EXERCISE AIM:
Starting at the line that contains "RA4038 | ||" and stopping at the line that contains "Our affordable bestseller, Navy", restate each line of the records below exactly. Omit the pictures.

RECORD EXCERPTS:
[Start of Attachment]
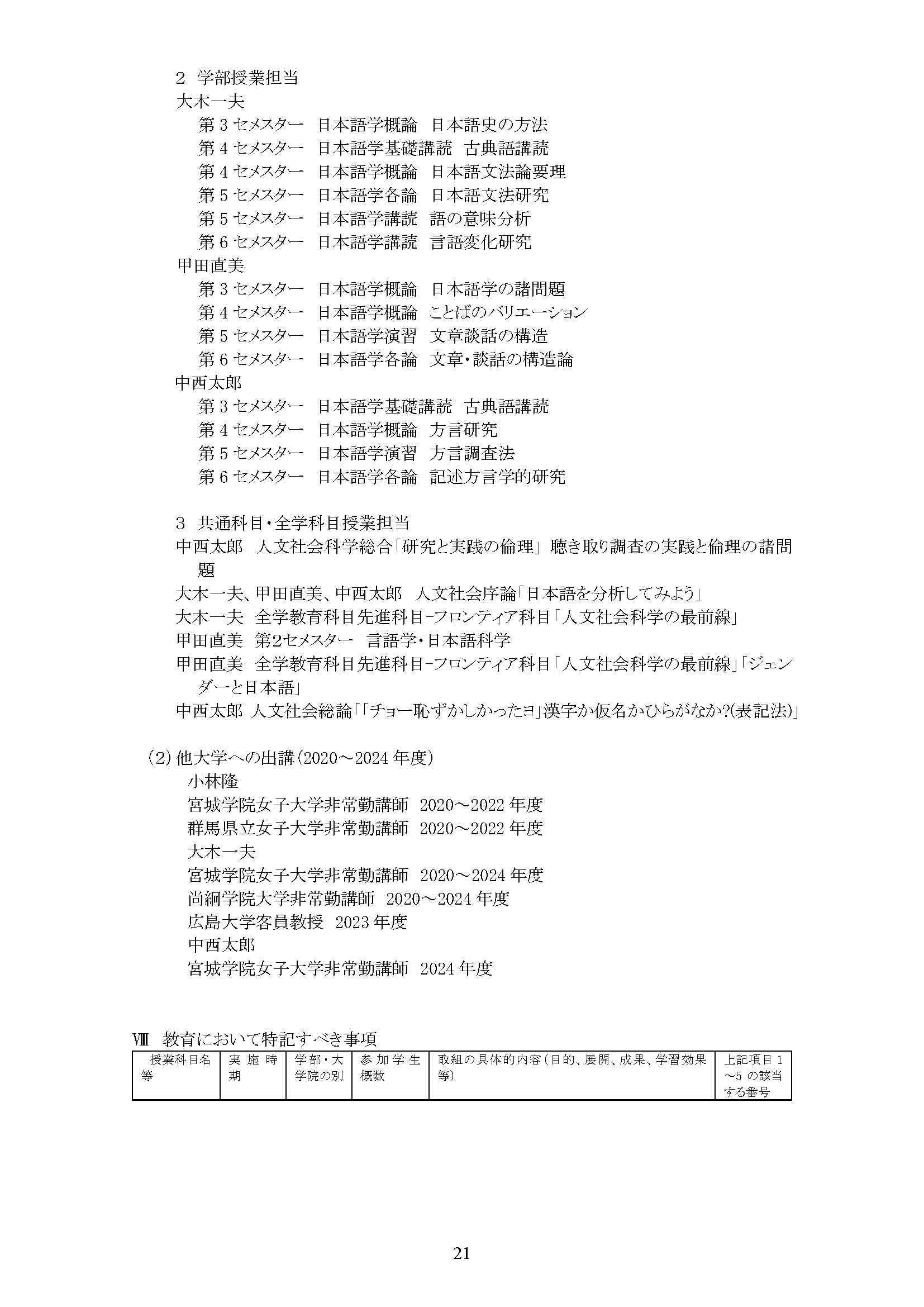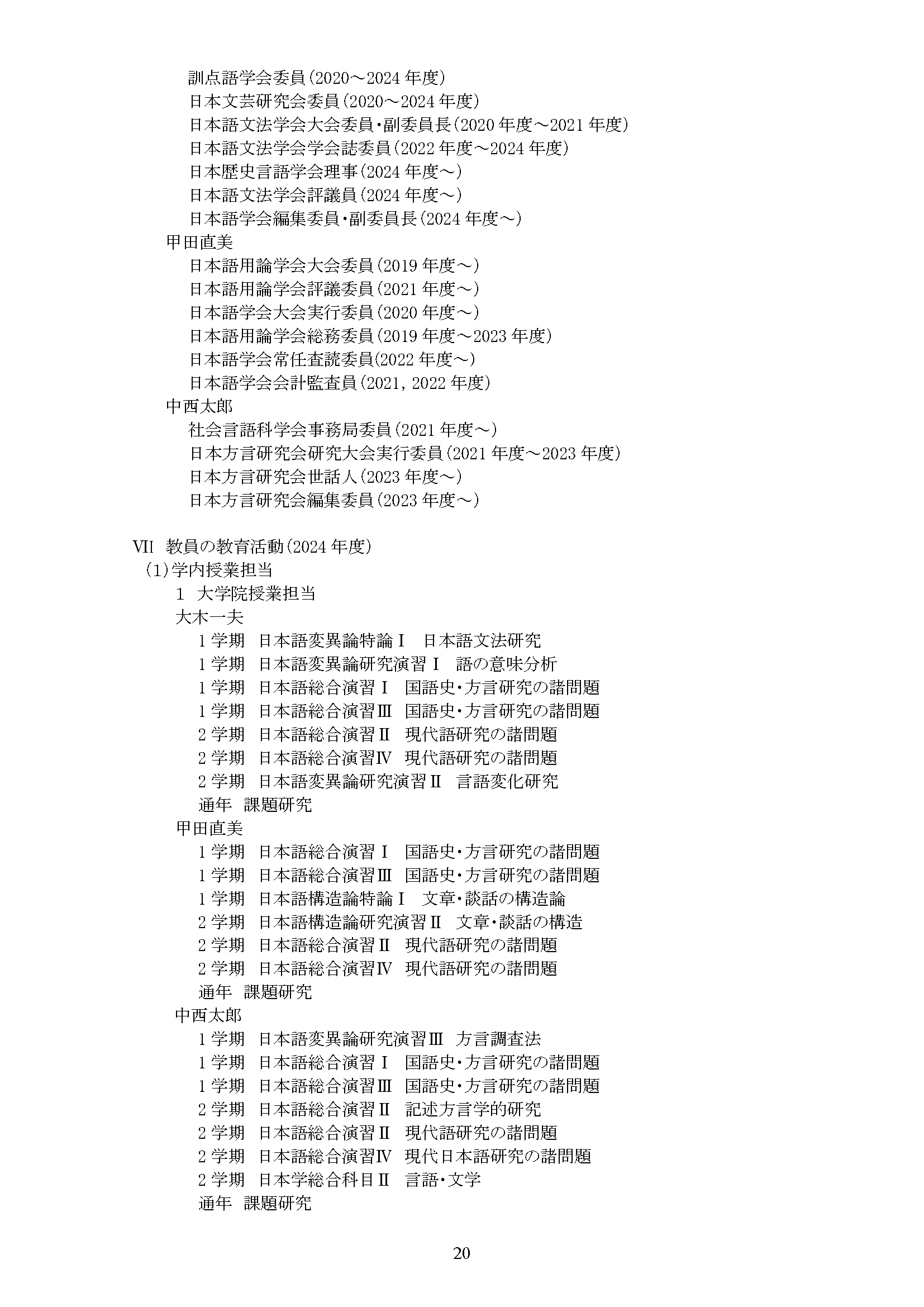 専修別教員一覧
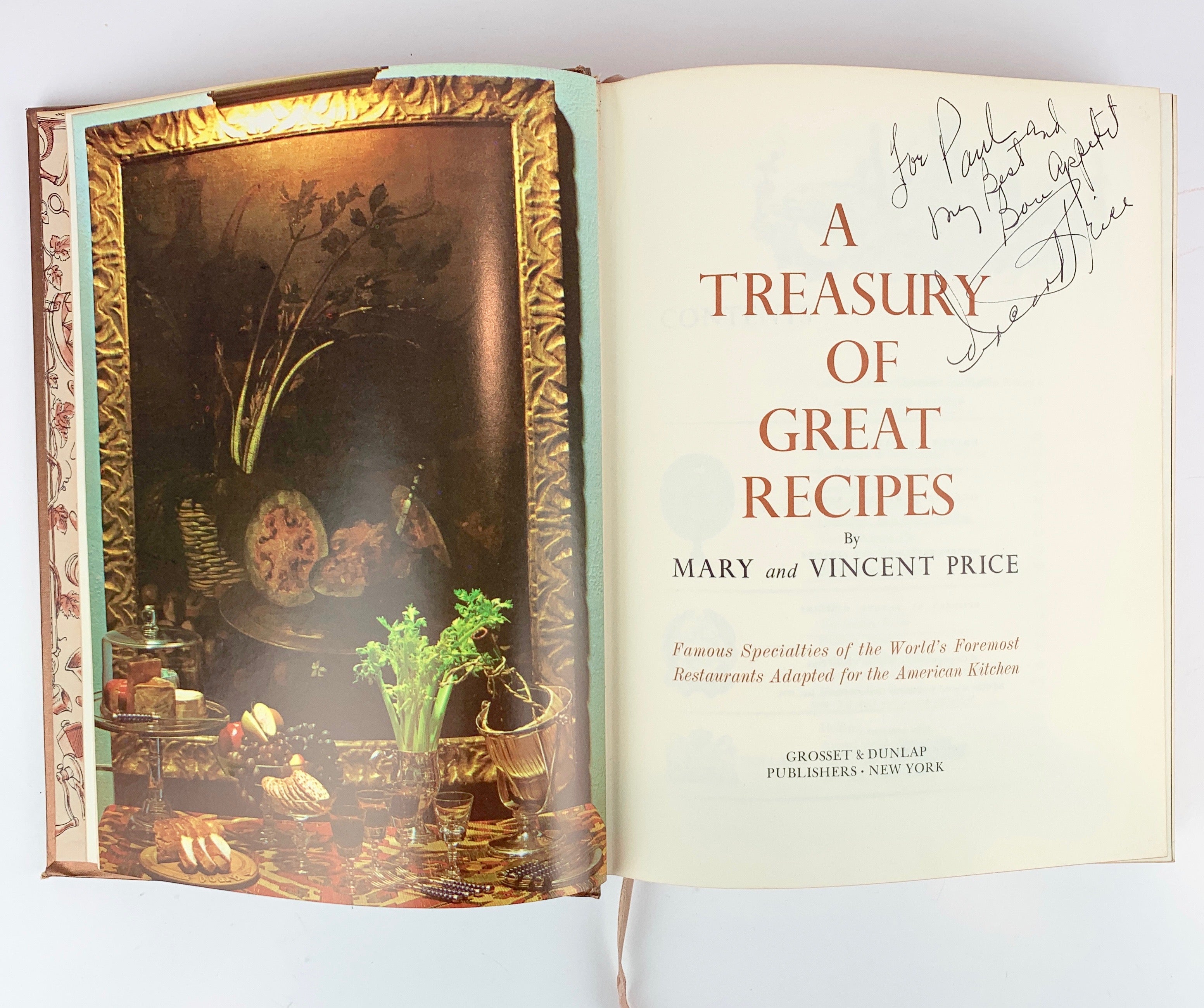 A Treasury of Great Recipes was Price's first cookbook, co-authored with his wife Mary Grant, who was a successful costume designer. Two years later, the couple would publish Mary and Vincent Price present a National Treasury of Cooking, a 5-volume set. In 1971, Price hosted a half-hour cooking show in the UK called Cooking Price-Wise. Throughout his career, Price maintained friendships with gourmet chefs around the world.
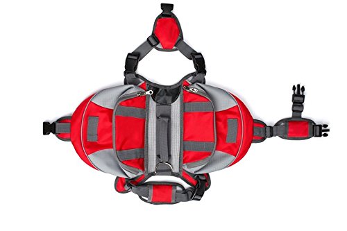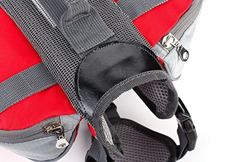 -. Feature : -The pet carry lightweight bag made of Oxford cloth, high quality, sturdy and durable for you and your pet outdoor activity. / -There are 2 big zippered saddlebags on both side,the space is big enough to provide you hold the dog snacks, water, cleaning supplies, also can hold people's keys, wallet, etc. / -It has 2 size for dog M/L and 2 color provide you choose portable to carry, make your camping and hiking with you pet more convenitent. / -Also suitable for guide dogs, police dogs, such as working dogs, can be used in supermarket, market shopping, traveling to transport food, drinks, etc. / -Fully adjustable chest and stomach straps not only allow your pet move its body freely, middle PU mesh also is breathable and ventilated, bring your dog comfy feelings.
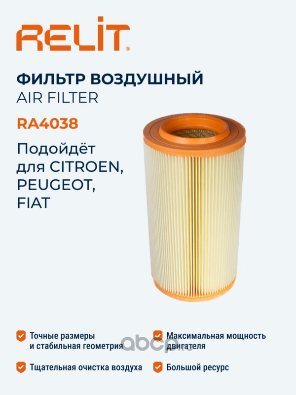 | RELIT | RA4038 | Фильтр воздушный RELIT RA4038 | ||
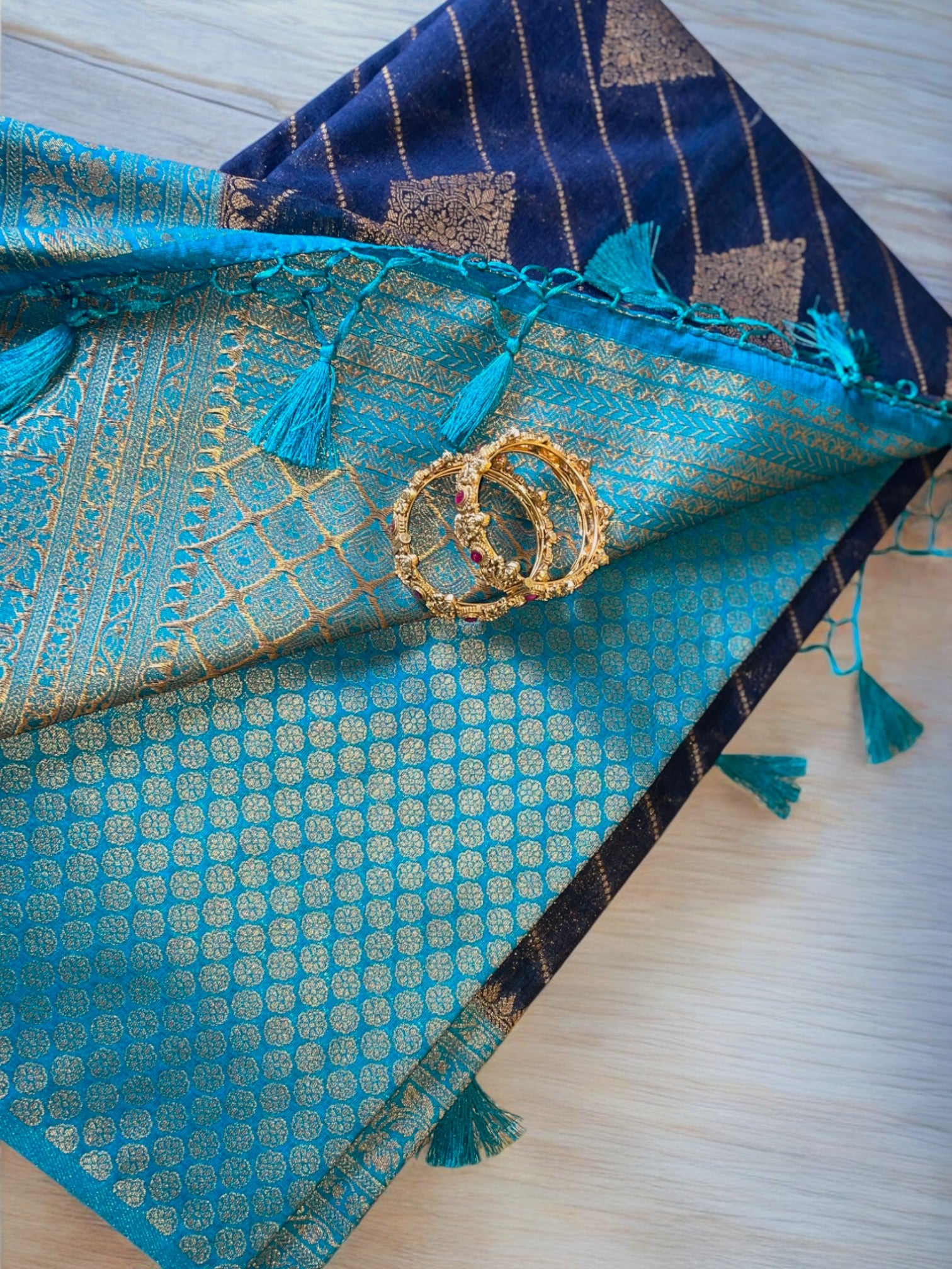 Our affordable bestseller, Navy blue with Rama blue rich Antique Zari border semi banarasi silk saree.
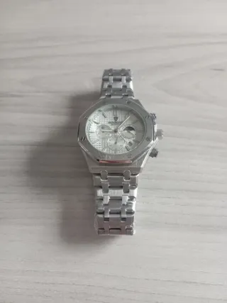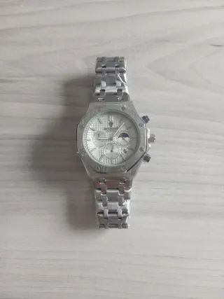 Elegante y formal reloj de pulsera con un diseño moderno y minimalista. - Esfera plateada con detalles sutiles. - Correa de eslabones metálicos. - Cierre de seguridad.
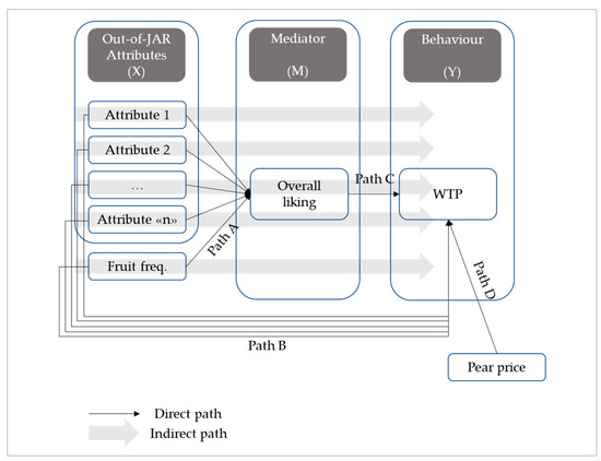 Finally, a Sobel test [44] via the structural equation model (SEM) was carried out to determine whether the consumer’s overall liking mediates the effect of the binary “out-of-JAR” attributes on the WTP (Figure 2). SEM is a type of multivariate analysis that combines factor and path analysis. SEM focused exclusively on path analysis because no latent variables are involved in this study. The structural model, expressed in terms of the relationships between variables, was estimated and tested to evaluate the theoretical links [50]. The adjusted Baron and Kenny approach [45] was used to test the mediating effect, which consists of four steps. First, the direct relationship between independent and moderating variables (X → M) is assessed. Second, the direct relation between mediating and dependent variables (M → Y) is estimated. Third, the direct relation between independent and dependent variables (X → Y) is measured. Last, the significance of the Sobel test (z-value ≥ 1.96, p ≤ 0.05) is checked. This approach may potentially result in three different outcomes. First, should one of the X → M and M → Y relations be not significant, no mediation effect would exist. Second, a complete mediation would occur if Sobel’s z-test is significant, but the direct relation between independent and dependent variables (X → Y) is not. Finally, partial mediation occurs when all four steps above are significant. Emphasis is put on how consumers’ overall liking indirectly mediates between “out-of-JAR” dummies variables and fruit intake (1 = “Never”; 5 = “Every day”) and consumer WTP. This is estimated based on the direct effect of the binary “out-of-JAR” variables and the fruit intake variable on the mediator variable (Path A, i.e., X → M), on the one hand, and the direct effect of the mediator variable on the dependent variable WTP (Path C; i.e., M → Y), on the other hand. Calculations are carried out employing the medsem package [51]. The model also includes regression paths between consumers’ knowledge of average pear prices (How much does a kilo of pears usually cost in EUR/kilo when you shop for them?) and consumers’ WTP to detect the robustness of WTP judgements (Path D). The goodness of fit of the SEM model has been evaluated using the cutoff criteria of the root mean square error of approximation (RMSEA; values close to 0.08 or below), the standardised root mean square residual (SRMR; values close to 0.08 or below), the comparative fit index (CFI; values above 0.95), the normalised chi-square (CMIN/DF; values close to 5 or below), and the standardised loading estimates (0.30 and above) [52,53]. Convergence validity was tested by looking at the relative average variance extracted (AVE; close to or above 0.05). The structural model was evaluated in terms of the coefficient of determination (R2; 0.25 = weak, 0.50 = moderate, 0.75 = substantial) and path coefficients (between −1 and +1). A bootstrapping procedure with 1000 sub-samples was performed to evaluate the significance of path coefficients.
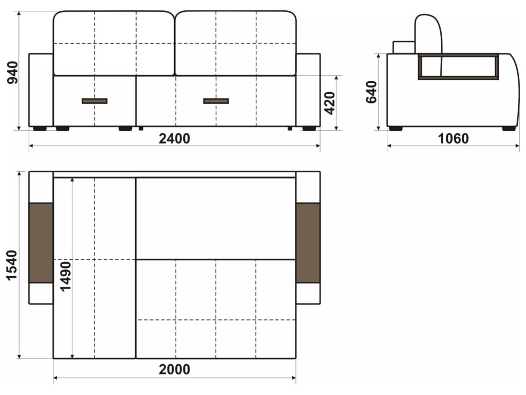 Наполнитель: в основании спального места независимый пружинный блок с дополнительным многослойным покрытием: термовойлок, высокоэластичный пенополиуретан, синтепон; подушки спинки имеют внутренний чехол на синтепоне, наполнитель комбинированный, гипоаллергенный пух «комфорель» с пенополиуретановой крошкой.
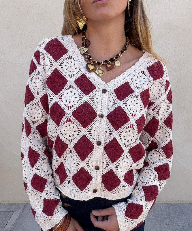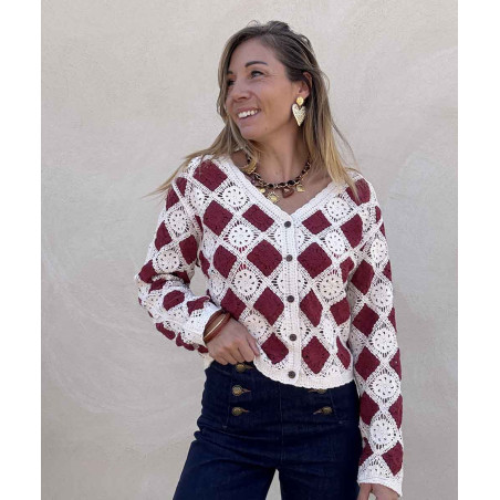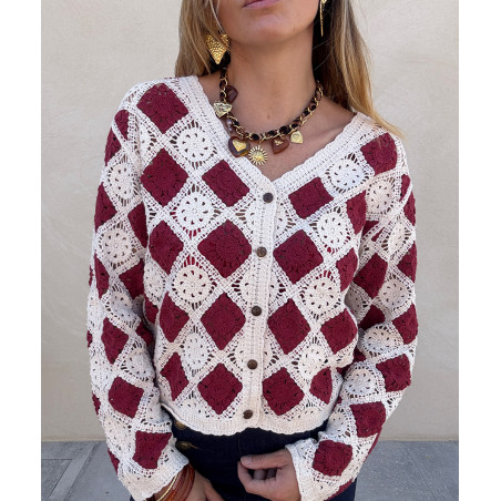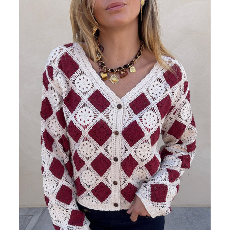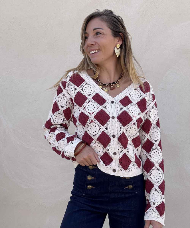 Gilet en crochet bordeaux et beige, taille unique parfait du 34 au 48.
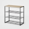 This wooden and metal shoe rack measures 25 x 24 x 11.8 inches and its design makes it easy to grab the pair you want and put away the ones you don’t without opening a drawer. It has a weight capacity of 100 pounds, according to the brand.
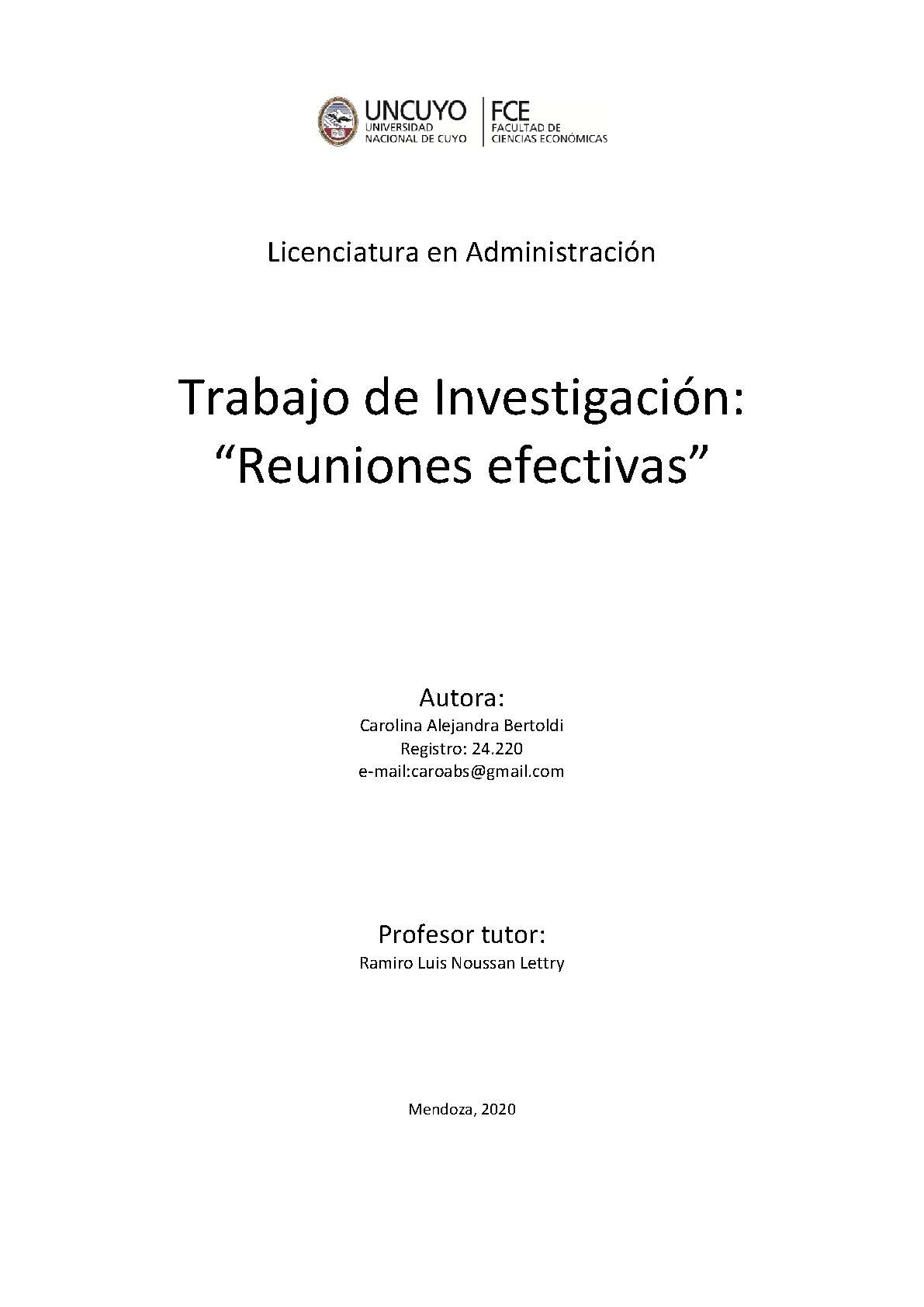 El presente trabajo se trata básicamente de una investigación aplicada que intenta buscar posibles causas en cuanto a la efectividad de las reuniones. En un primer segmento se realizó un relevamiento de información relativo a distintos tipo de reuniones, modalidades, factores que predisponen a su éxito, factores que predisponen a su fracaso, elementos que se recomiendan incluir, entrevistas de opiniones sobre el tema y otro tipo de información. Luego se realizó un breve trabajo de campo, donde se relevó información exclusivamente para este trabajo y se introdujeron algunos elementos recomendados en la sección previa. Finalmente, se realiza un aporte, desde una perspectiva sistémica, considerando a las reuniones como un
[End of Attachment]
TASK RESPONSE:
 | RELIT | RA4038 | Фильтр воздушный RELIT RA4038 | ||
 Our affordable bestseller, Navy blue with Rama blue rich Antique Zari border semi banarasi silk saree.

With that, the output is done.